IDENTITY

Birthdays were always strange. He didn’t even know when his actual birthday was. He didn’t know the names of his biological parents or any name that they gave him. He didn’t even know for sure his nationality. He also didn’t know his ethnicity or his biological family’s religion. In short, he did not know who he was or where he had come from.

He was not suffering from amnesia. He was a foundling; an old term for an infant abandoned by his parents and discovered and cared for by others. When he was no more than a couple of weeks old, he had been placed in a car parked in a stranger’s driveway near a police station in Belfast, Northern Ireland. With a bottle of milk, he was wrapped up, and placed in a red tartan bag.

David was raised by adoptive parents. Yet despite their love for him and his for them, as both a child and an adult, that sense of abandonment and not knowing who he was or where he had come from, never really left him. He didn’t know of a single blood relative in the world, or anything whatsoever about his family history.

Last year through extensive DNA searching, David now 56, was matched with the DNA of his parents. Unfortunately they were both now dead.  

However, he was also matched with a sister; a full sister at that, as they shared the same mother and father. Later he and Helen describe meeting each other as life-changing; for the first time in his life David met someone who looked just like him, and particularly so around the eyes. This was also the first time that Helen had met anyone who looked like her.

51 years previously Helen as a baby had been found by a stranger in a public telephone near a hospital in Dublin across the border in Ireland, with a bottle of milk, wrapped up, and placed in a red tartan bag…

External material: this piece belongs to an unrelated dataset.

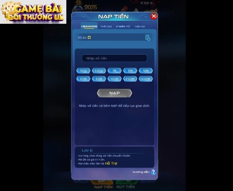 I-Banking là lựa chọn hàng đầu nhờ tốc độ xử lý tức thì và hạn mức giao dịch linh hoạt. Người chơi có thể nạp từ 10.000 VNĐ đến 500 triệu VNĐ, lý tưởng để tận dụng khuyến mãi 100% nạp đầu.

This is an extraordinary story. There were further dramatic elements. Their parents were not married to each other, the father was married to someone else, and they had an affair for over 30 years. Also the father was Protestant and the mother Catholic. During ‘The Troubles’ David was subsequently raised in Belfast as a Protestant while Helen was raised in Dublin as a Catholic.

Yet less dramatically, there will be many ordinary aspects of this story that will resonate with many care experienced children, young people and adults, and their struggles around ‘who am I?’. This could be:

  • information gaps in their knowledge and understanding of their family history, their early life and why they came into care

  • relational gaps in terms of their connections with known and unknown members of their extended family, or other significant adults and/or

  • cultural gaps, and particularly so for indigenous children

Some organisations routinely undertake ‘life story work’. Some organisations use kin care as their preferred form of care. Some organisations invest in genealogy and connect children and young people with extended family members not otherwise known. Some organisations build a network of family and community relationships around those preparing to leave care. And some organisations provide opportunities for children and young people to not only learn about their cultural background, but also to experience it. How about your organisation? And do these issues always get the time and attention that is needed?

There is of course more to our sense of identity than the cards that we were each dealt at birth. Nonetheless, most of us who are not care experienced at least get to see all of the cards in our hand, and get the opportunity to play them if we want to.